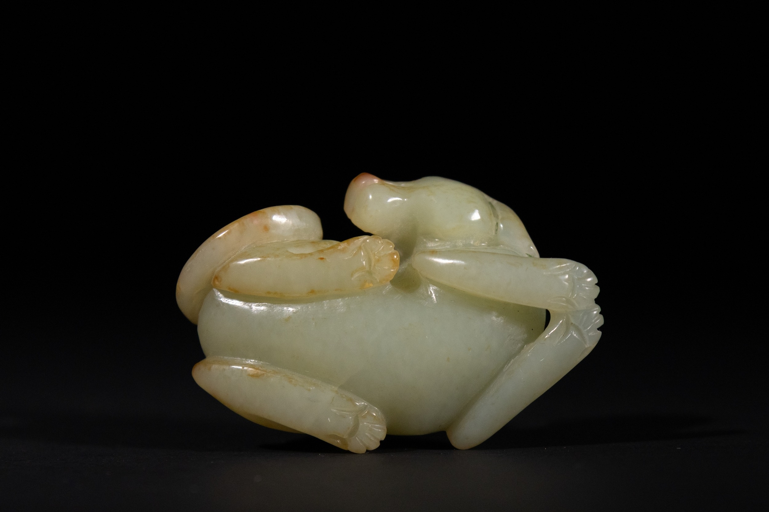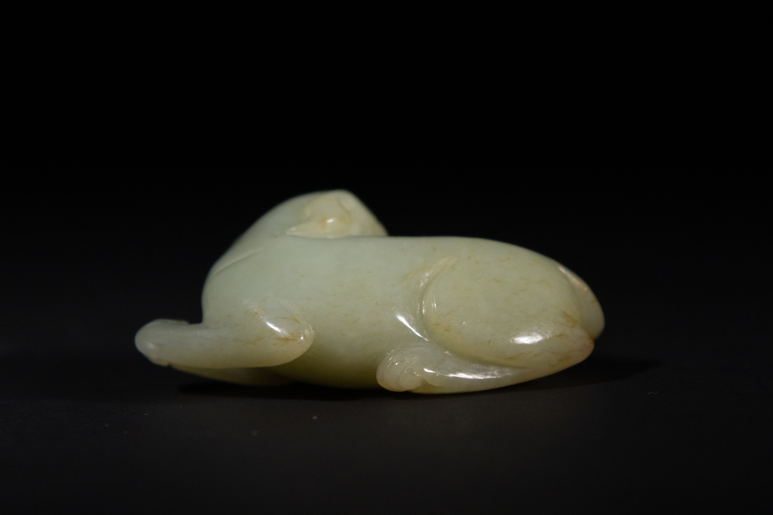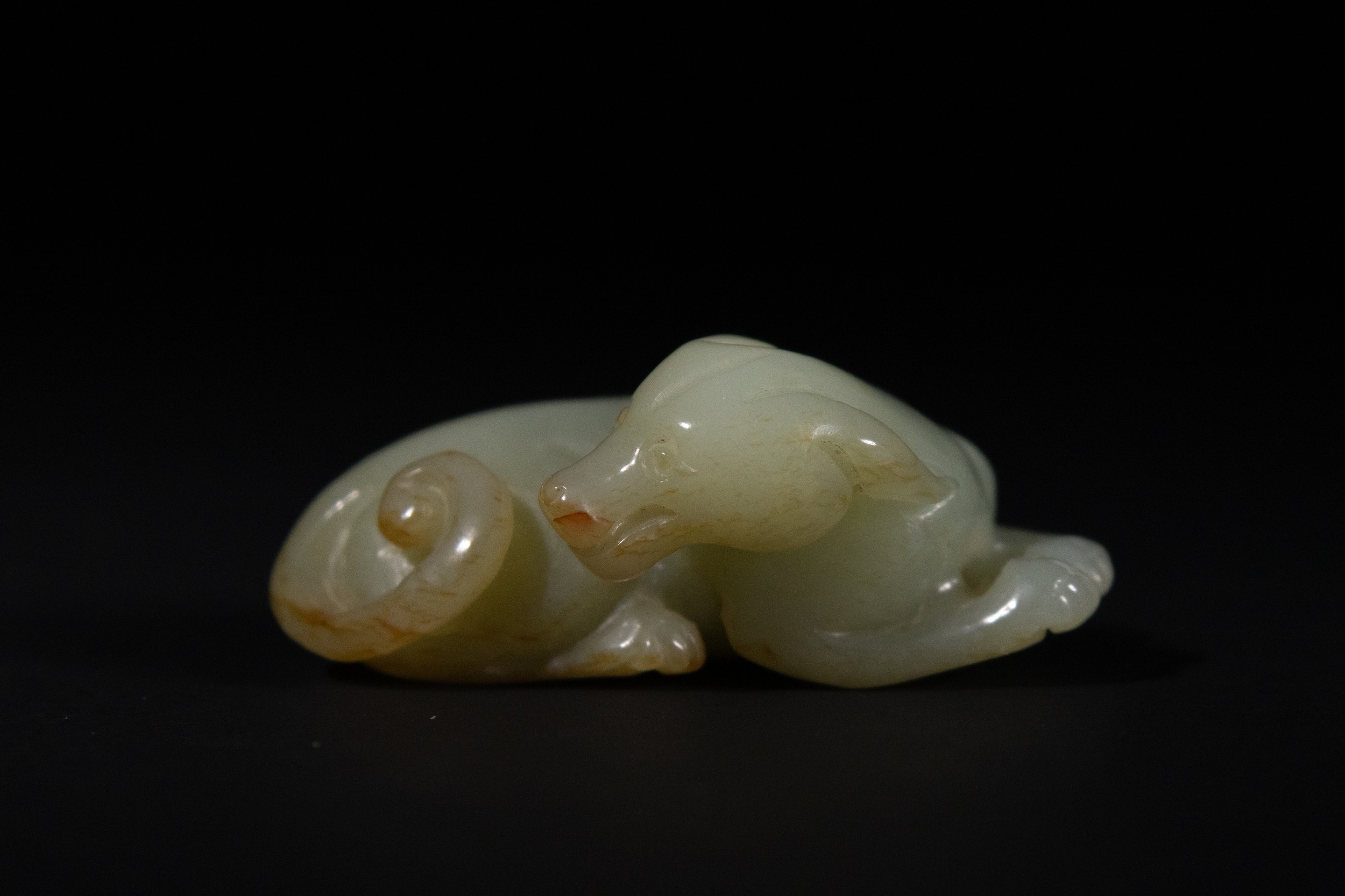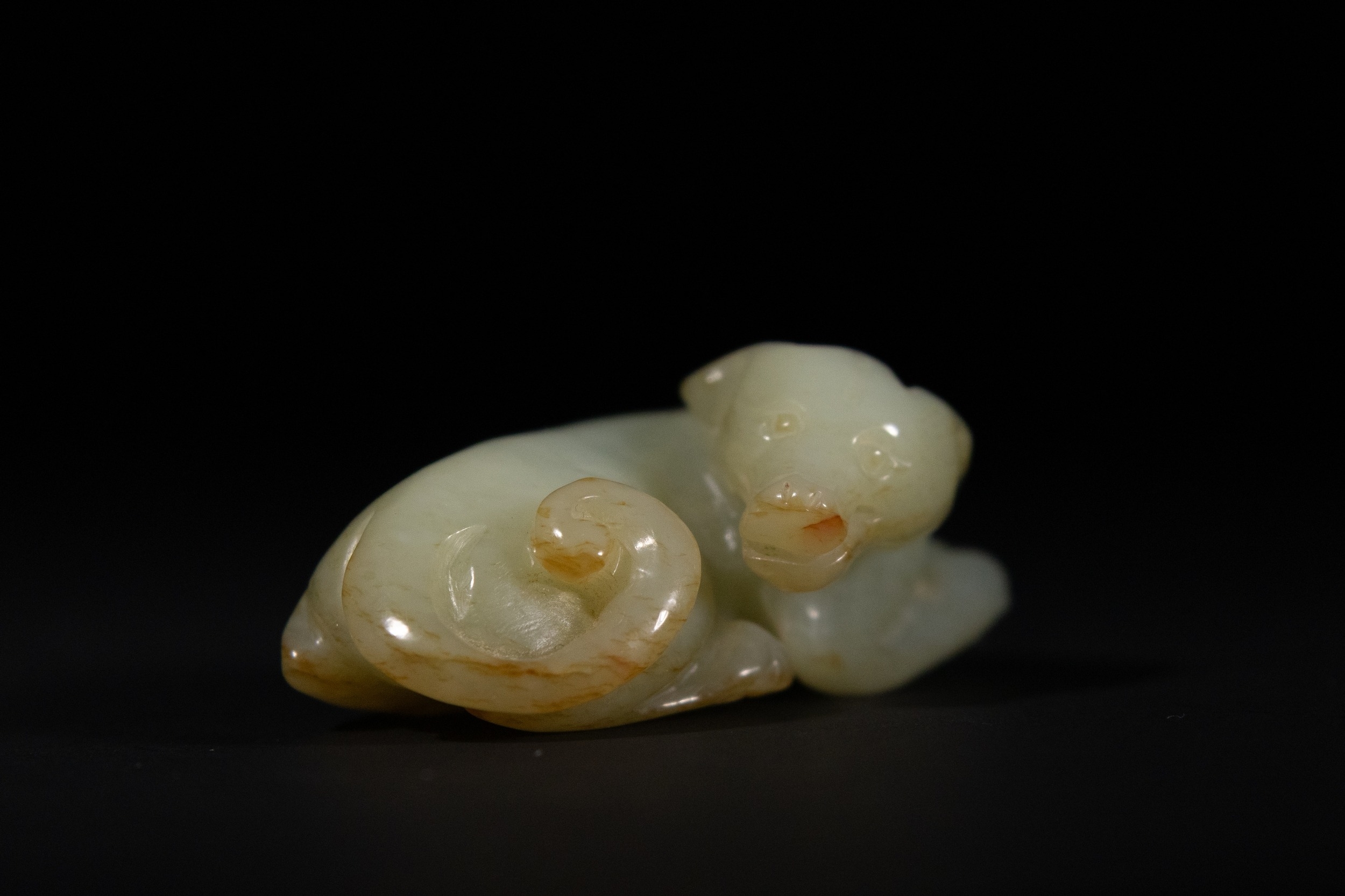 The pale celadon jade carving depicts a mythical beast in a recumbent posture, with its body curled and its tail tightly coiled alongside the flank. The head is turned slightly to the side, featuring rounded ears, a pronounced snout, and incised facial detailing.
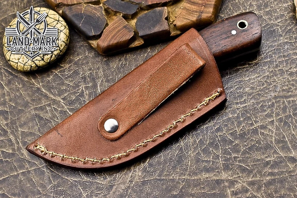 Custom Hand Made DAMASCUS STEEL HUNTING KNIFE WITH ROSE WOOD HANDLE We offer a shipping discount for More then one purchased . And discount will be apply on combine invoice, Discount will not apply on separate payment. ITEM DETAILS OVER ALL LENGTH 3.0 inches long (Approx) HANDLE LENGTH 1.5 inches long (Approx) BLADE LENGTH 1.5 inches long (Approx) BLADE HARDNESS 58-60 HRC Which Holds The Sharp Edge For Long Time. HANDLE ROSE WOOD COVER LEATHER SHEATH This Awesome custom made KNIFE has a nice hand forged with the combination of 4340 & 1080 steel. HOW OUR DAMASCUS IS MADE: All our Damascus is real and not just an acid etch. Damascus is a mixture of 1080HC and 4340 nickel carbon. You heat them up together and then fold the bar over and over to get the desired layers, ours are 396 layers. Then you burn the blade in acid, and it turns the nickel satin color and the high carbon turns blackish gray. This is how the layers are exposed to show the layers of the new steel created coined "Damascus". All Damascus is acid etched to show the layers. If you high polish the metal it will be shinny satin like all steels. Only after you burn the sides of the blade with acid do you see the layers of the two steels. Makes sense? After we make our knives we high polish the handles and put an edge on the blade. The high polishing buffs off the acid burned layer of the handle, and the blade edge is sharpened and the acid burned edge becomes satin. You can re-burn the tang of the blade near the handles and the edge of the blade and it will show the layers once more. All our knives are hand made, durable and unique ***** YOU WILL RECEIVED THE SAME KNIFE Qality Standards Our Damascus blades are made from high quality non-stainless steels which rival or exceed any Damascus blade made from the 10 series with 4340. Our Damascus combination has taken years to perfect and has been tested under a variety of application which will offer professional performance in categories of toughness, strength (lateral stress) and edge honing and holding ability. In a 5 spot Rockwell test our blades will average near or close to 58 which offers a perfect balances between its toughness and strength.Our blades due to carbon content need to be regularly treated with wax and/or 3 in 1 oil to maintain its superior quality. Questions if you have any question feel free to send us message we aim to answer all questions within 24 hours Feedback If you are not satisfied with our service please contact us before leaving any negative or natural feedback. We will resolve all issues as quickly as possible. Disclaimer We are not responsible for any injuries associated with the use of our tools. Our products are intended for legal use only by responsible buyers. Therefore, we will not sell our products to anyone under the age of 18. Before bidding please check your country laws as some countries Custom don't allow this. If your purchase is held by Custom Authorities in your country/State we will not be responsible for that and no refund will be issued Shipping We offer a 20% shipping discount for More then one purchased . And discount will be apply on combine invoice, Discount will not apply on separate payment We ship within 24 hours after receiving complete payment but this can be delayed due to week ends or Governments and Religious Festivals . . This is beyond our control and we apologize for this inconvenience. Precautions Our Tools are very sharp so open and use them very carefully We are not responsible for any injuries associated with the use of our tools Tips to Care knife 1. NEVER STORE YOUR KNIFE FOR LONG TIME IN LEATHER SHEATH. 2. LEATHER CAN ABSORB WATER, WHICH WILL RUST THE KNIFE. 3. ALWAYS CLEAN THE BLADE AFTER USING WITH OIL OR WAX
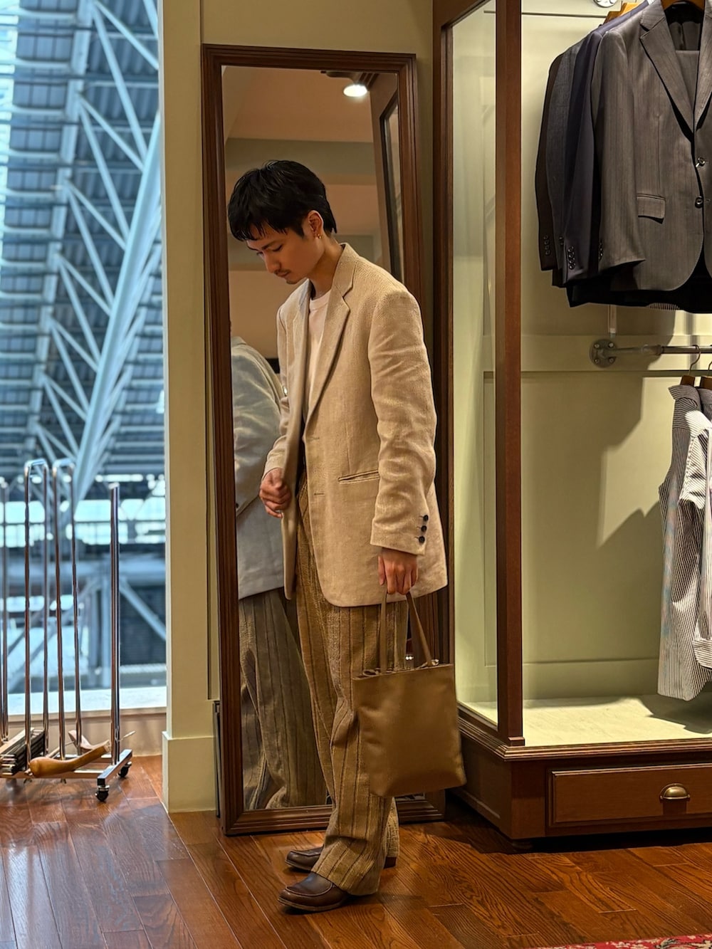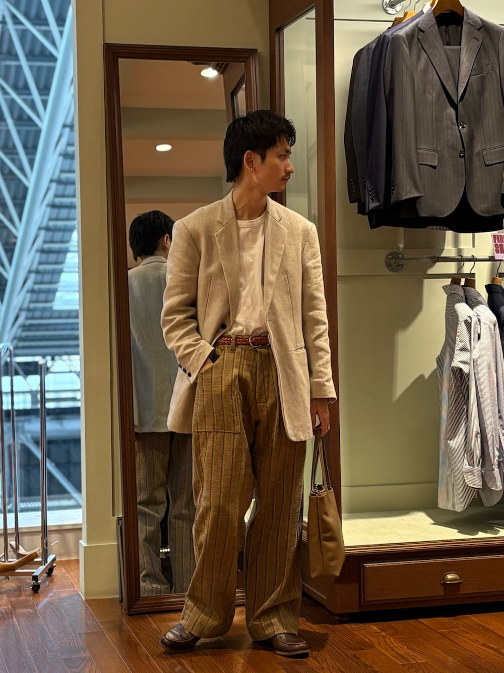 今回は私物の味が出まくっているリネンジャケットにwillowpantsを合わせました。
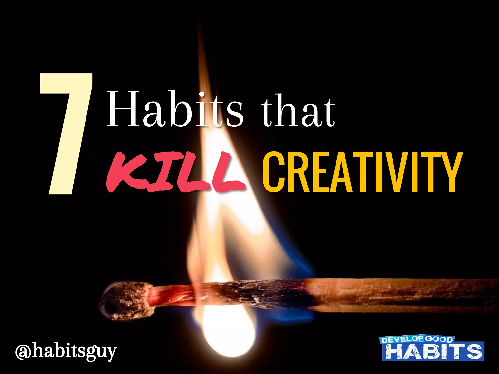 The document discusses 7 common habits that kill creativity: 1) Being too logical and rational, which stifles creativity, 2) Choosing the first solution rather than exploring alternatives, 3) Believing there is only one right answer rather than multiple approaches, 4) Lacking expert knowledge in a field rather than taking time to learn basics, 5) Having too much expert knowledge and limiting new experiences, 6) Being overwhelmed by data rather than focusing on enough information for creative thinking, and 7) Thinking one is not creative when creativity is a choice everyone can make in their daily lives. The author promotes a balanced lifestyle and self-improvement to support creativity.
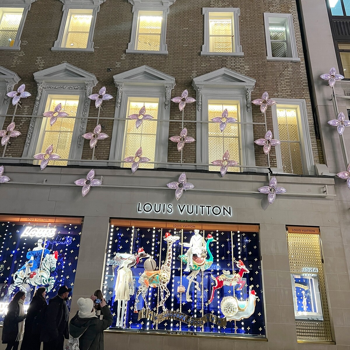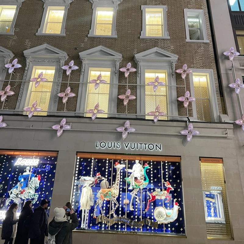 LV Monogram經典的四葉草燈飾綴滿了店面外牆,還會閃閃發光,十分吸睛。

ACTIVITY -
Print the data again word for word, pictures excluded.

SOLUTION -
 The pale celadon jade carving depicts a mythical beast in a recumbent posture, with its body curled and its tail tightly coiled alongside the flank. The head is turned slightly to the side, featuring rounded ears, a pronounced snout, and incised facial detailing.
 Custom Hand Made DAMASCUS STEEL HUNTING KNIFE WITH ROSE WOOD HANDLE We offer a shipping discount for More then one purchased . And discount will be apply on combine invoice, Discount will not apply on separate payment. ITEM DETAILS OVER ALL LENGTH 3.0 inches long (Approx) HANDLE LENGTH 1.5 inches long (Approx) BLADE LENGTH 1.5 inches long (Approx) BLADE HARDNESS 58-60 HRC Which Holds The Sharp Edge For Long Time. HANDLE ROSE WOOD COVER LEATHER SHEATH This Awesome custom made KNIFE has a nice hand forged with the combination of 4340 & 1080 steel. HOW OUR DAMASCUS IS MADE: All our Damascus is real and not just an acid etch. Damascus is a mixture of 1080HC and 4340 nickel carbon. You heat them up together and then fold the bar over and over to get the desired layers, ours are 396 layers. Then you burn the blade in acid, and it turns the nickel satin color and the high carbon turns blackish gray. This is how the layers are exposed to show the layers of the new steel created coined "Damascus". All Damascus is acid etched to show the layers. If you high polish the metal it will be shinny satin like all steels. Only after you burn the sides of the blade with acid do you see the layers of the two steels. Makes sense? After we make our knives we high polish the handles and put an edge on the blade. The high polishing buffs off the acid burned layer of the handle, and the blade edge is sharpened and the acid burned edge becomes satin. You can re-burn the tang of the blade near the handles and the edge of the blade and it will show the layers once more. All our knives are hand made, durable and unique ***** YOU WILL RECEIVED THE SAME KNIFE Qality Standards Our Damascus blades are made from high quality non-stainless steels which rival or exceed any Damascus blade made from the 10 series with 4340. Our Damascus combination has taken years to perfect and has been tested under a variety of application which will offer professional performance in categories of toughness, strength (lateral stress) and edge honing and holding ability. In a 5 spot Rockwell test our blades will average near or close to 58 which offers a perfect balances between its toughness and strength.Our blades due to carbon content need to be regularly treated with wax and/or 3 in 1 oil to maintain its superior quality. Questions if you have any question feel free to send us message we aim to answer all questions within 24 hours Feedback If you are not satisfied with our service please contact us before leaving any negative or natural feedback. We will resolve all issues as quickly as possible. Disclaimer We are not responsible for any injuries associated with the use of our tools. Our products are intended for legal use only by responsible buyers. Therefore, we will not sell our products to anyone under the age of 18. Before bidding please check your country laws as some countries Custom don't allow this. If your purchase is held by Custom Authorities in your country/State we will not be responsible for that and no refund will be issued Shipping We offer a 20% shipping discount for More then one purchased . And discount will be apply on combine invoice, Discount will not apply on separate payment We ship within 24 hours after receiving complete payment but this can be delayed due to week ends or Governments and Religious Festivals . . This is beyond our control and we apologize for this inconvenience. Precautions Our Tools are very sharp so open and use them very carefully We are not responsible for any injuries associated with the use of our tools Tips to Care knife 1. NEVER STORE YOUR KNIFE FOR LONG TIME IN LEATHER SHEATH. 2. LEATHER CAN ABSORB WATER, WHICH WILL RUST THE KNIFE. 3. ALWAYS CLEAN THE BLADE AFTER USING WITH OIL OR WAX
 今回は私物の味が出まくっているリネンジャケットにwillowpantsを合わせました。
 The document discusses 7 common habits that kill creativity: 1) Being too logical and rational, which stifles creativity, 2) Choosing the first solution rather than exploring alternatives, 3) Believing there is only one right answer rather than multiple approaches, 4) Lacking expert knowledge in a field rather than taking time to learn basics, 5) Having too much expert knowledge and limiting new experiences, 6) Being overwhelmed by data rather than focusing on enough information for creative thinking, and 7) Thinking one is not creative when creativity is a choice everyone can make in their daily lives. The author promotes a balanced lifestyle and self-improvement to support creativity.
 LV Monogram經典的四葉草燈飾綴滿了店面外牆,還會閃閃發光,十分吸睛。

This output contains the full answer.